O executivo destaca que os funcionários das lojas têm papel importante no processo da Whywaste. O app, instalado nos smartphones, “lê” quais itens estão entrando em um período crítico. Entre os clientes está a rede Oxxo. “O problema costuma ser maior nas lojas de conveniência, que trabalham, em média, com mil SKUs, mas contam com dois funcionários para reabastecer, arrumar o estabelecimento e cuidar do caixa”, diz Freitas. “Eles não têm tempo para a checagem da validade, por isso é preciso adotar um facilitador. Com a nossa ferramenta, o tempo dedicado a esse trabalho não ultrapassa os dez minutos.”
O sistema da Whywaste define a ação a ser realizada pelo funcionário na loja para fazer a verificação, que vê na tela do celular, em tempo real, quais são os itens críticos. A tecnologia aponta o estágio em que está o produto por meio de cores, como em um semáforo. O verde mostra que o item está ok, o amarelo alerta sobre a necessidade de algum tipo de estratégia (como descontos) e o vermelho indica que é hora de retirá-lo da gôndola.
Medidas são insuficientes
É preciso ampliar as ações de combate ao desperdício
As iniciativas criadas pelo varejo para combater o desperdício, como as inovações da rede Hortifruti Natural da Terra, ainda são exceções no mercado brasileiro.
Atualmente, boa parte do trabalho para evitar o descarte de alimentos próximos do vencimento passa apenas pelo controle de estoque da loja, que, em geral, não consegue resolver o problema. Pelo menos é isso o que diz Rodrigo Catani, head da Gouvêa Consulting e estudioso do tema.
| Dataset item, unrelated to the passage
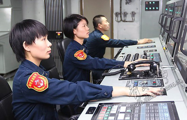 辽宁号航母上的机电监控台。

“Muitas vezes, quem trabalha nas lojas não está preparado para essa função”, afirma o consultor. “Até porque é preciso ter agilidade e nem sempre a estrutura para o recebimento de mercadorias no supermercado é adequada.”
Apesar do volume expressivo de perdas, o que se vê no varejo nacional são ações apenas pontuais, como a oferta de produtos em uma espécie de outlet nas lojas, descontos no fim do dia de alimentos preparados ou de panificação, ou ainda áreas dedicadas a itens de hortifrútis que estão fora do padrão de tamanho ou formato. Nada disso, entretanto, é suficiente para combater efetivamente o problema.
Para Catani, a questão central é que nem sempre as iniciativas dos varejistas conseguem encontrar a adesão do consumidor. “Não é sempre que os clientes, mesmo com os descontos, se sentem atraídos pelos produtos próximos do vencimento ou que não têm uma boa aparência, mesmo que estejam aptos para o consumo”, afirma o consultor. “Infelizmente, há uma questão cultural a ser superada.”